#### TASK STATEMENT:
From the first line of the listing below to the line with "7月3号团队乘坐大巴到达实践", print each line exactly, and nothing more. Leave out the pictures.

#### DATA SHOWN:
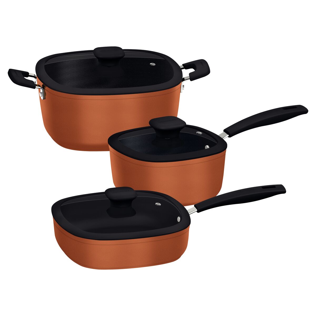 Se você deseja uma cozinha impecável, cheia de estilo e que lhe garanta um preparo muito mais eficiente para suas refeições, o jogo de panelas Tramontina Refinatta em alumínio com revestimento interno e externo em antiaderente Starflon Premium cobre 03 peças. Composto por panela, caçarola e frigideira, ele é um jogo ideal para quem preza por alta qualidade na cozinha, sem abrir mão da beleza e da funcionalidade. As peças são produzidas com corpo de alumínio com espessura de 3,0 milímetros e revestimento em antiaderente Starflon Premium, proporcionam um cozimento rápido e uniforme dos alimentos, sem que eles grudem em superfície. Elas vem com tampas de vidro temperado com saída de vapor e bordas de silicone, tem alças e cabos de aço inox com proteção de silicone e pegadores de baquelite antitérmico, que reduzem a propagação de calor, aumentam a segurança e melhoram a empunhadura. As peças do jogo ainda podem ir à máquina de lavar louças, são fáceis de limpar, mais duráveis e não são prejudiciais à saúde. Um jogo Tramontina desenvolvido para você fazer bonito na cozinha!
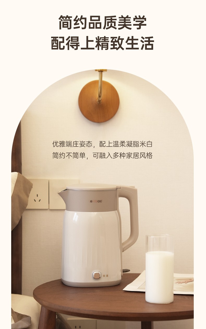 (巨邦佑)BJ+邻鹿 电热水壶 1.8L LRW5806大容量 家用自动断电烧开水壶办公室智能
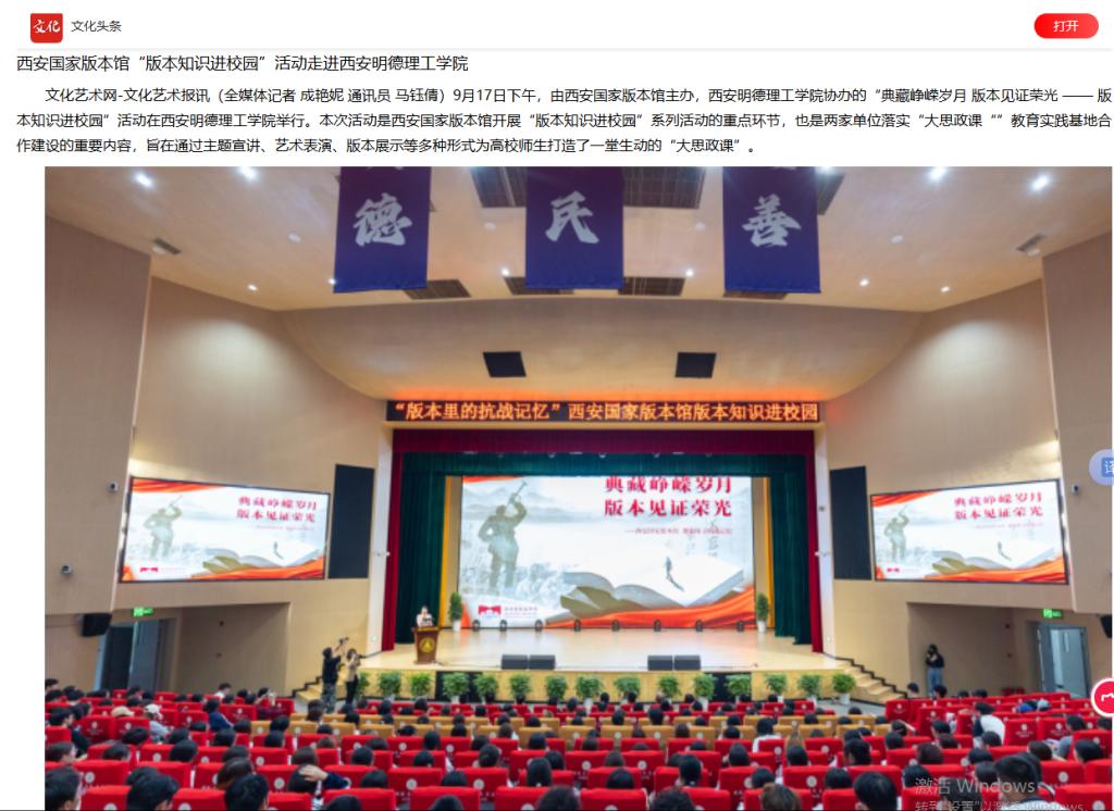 文化艺术网-文化艺术报讯(全媒体记者 成艳妮 通讯员 马钰倩)9月17日下午,由西安国家版本馆主办,beat365vip官网登录入口协办的“典藏峥嵘岁月 版本见证荣光 —— 版本知识进校园”活动在beat365vip官网登录入口举行。本次活动是西安国家版本馆开展“版本知识进校园”系列活动的重点环节,也是两家单位落实“大思政课“”教育实践基地合作建设的重要内容,旨在通过主题宣讲、艺术表演、版本展示等多种形式为高校师生打造了一堂生动的“大思政课”。
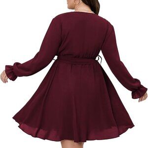Women's Plus Size 3XL Long Sleeve Wrap V Neck Tie Waist A Line Dress Burgundy
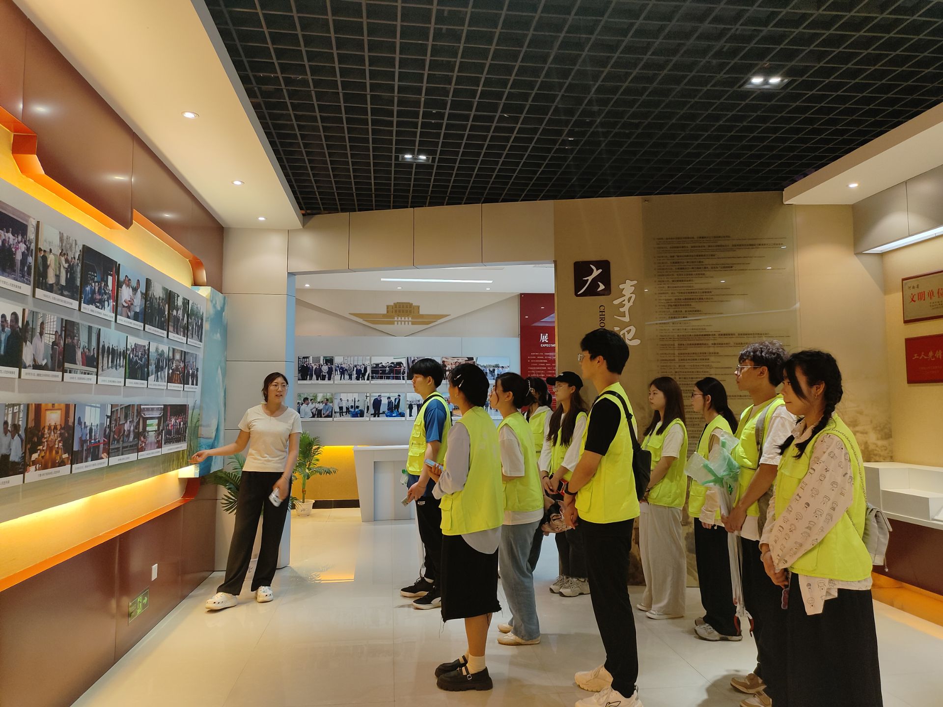 7月3号团队乘坐大巴到达实践的第一环——人民胜利渠渠首,成员们在讲解员的带领下参观了人民胜利渠展览馆,观看人民胜利渠建设的历史资料和图片,观摩人民胜利渠的建设过程和奋斗故事,深切感受了人民胜利渠建设者的艰苦创业、无私奉献、团结协作、自强不息的精神风貌。同时到达渠首实地观察了人民胜利渠的运行情况,了解了人民胜利渠的灌溉效益和社会效益,感受了人民胜利渠的生命力和魅力。它作为我国水利工程的重要一环,不仅是一项重要的民生工程,更是国家发展的标志性工程。它承载着历史的厚重,见证了人民奋斗的历程,也昭示着未来的希望。
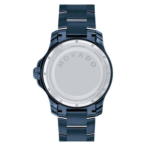 Mens movado active sport, 40 mm blue PVD case and bracelet, black dial featuring lumi hands and indexes, date window, sapphire crystal, swiss quartz movement. Water resistance up to 20 meters. Deployment clasp.

#### WRITTEN RESPONSE:
 Se você deseja uma cozinha impecável, cheia de estilo e que lhe garanta um preparo muito mais eficiente para suas refeições, o jogo de panelas Tramontina Refinatta em alumínio com revestimento interno e externo em antiaderente Starflon Premium cobre 03 peças. Composto por panela, caçarola e frigideira, ele é um jogo ideal para quem preza por alta qualidade na cozinha, sem abrir mão da beleza e da funcionalidade. As peças são produzidas com corpo de alumínio com espessura de 3,0 milímetros e revestimento em antiaderente Starflon Premium, proporcionam um cozimento rápido e uniforme dos alimentos, sem que eles grudem em superfície. Elas vem com tampas de vidro temperado com saída de vapor e bordas de silicone, tem alças e cabos de aço inox com proteção de silicone e pegadores de baquelite antitérmico, que reduzem a propagação de calor, aumentam a segurança e melhoram a empunhadura. As peças do jogo ainda podem ir à máquina de lavar louças, são fáceis de limpar, mais duráveis e não são prejudiciais à saúde. Um jogo Tramontina desenvolvido para você fazer bonito na cozinha!
 (巨邦佑)BJ+邻鹿 电热水壶 1.8L LRW5806大容量 家用自动断电烧开水壶办公室智能
 文化艺术网-文化艺术报讯(全媒体记者 成艳妮 通讯员 马钰倩)9月17日下午,由西安国家版本馆主办,beat365vip官网登录入口协办的“典藏峥嵘岁月 版本见证荣光 —— 版本知识进校园”活动在beat365vip官网登录入口举行。本次活动是西安国家版本馆开展“版本知识进校园”系列活动的重点环节,也是两家单位落实“大思政课“”教育实践基地合作建设的重要内容,旨在通过主题宣讲、艺术表演、版本展示等多种形式为高校师生打造了一堂生动的“大思政课”。
Women's Plus Size 3XL Long Sleeve Wrap V Neck Tie Waist A Line Dress Burgundy
 7月3号团队乘坐大巴到达实践的第一环——人民胜利渠渠首,成员们在讲解员的带领下参观了人民胜利渠展览馆,观看人民胜利渠建设的历史资料和图片,观摩人民胜利渠的建设过程和奋斗故事,深切感受了人民胜利渠建设者的艰苦创业、无私奉献、团结协作、自强不息的精神风貌。同时到达渠首实地观察了人民胜利渠的运行情况,了解了人民胜利渠的灌溉效益和社会效益,感受了人民胜利渠的生命力和魅力。它作为我国水利工程的重要一环,不仅是一项重要的民生工程,更是国家发展的标志性工程。它承载着历史的厚重,见证了人民奋斗的历程,也昭示着未来的希望。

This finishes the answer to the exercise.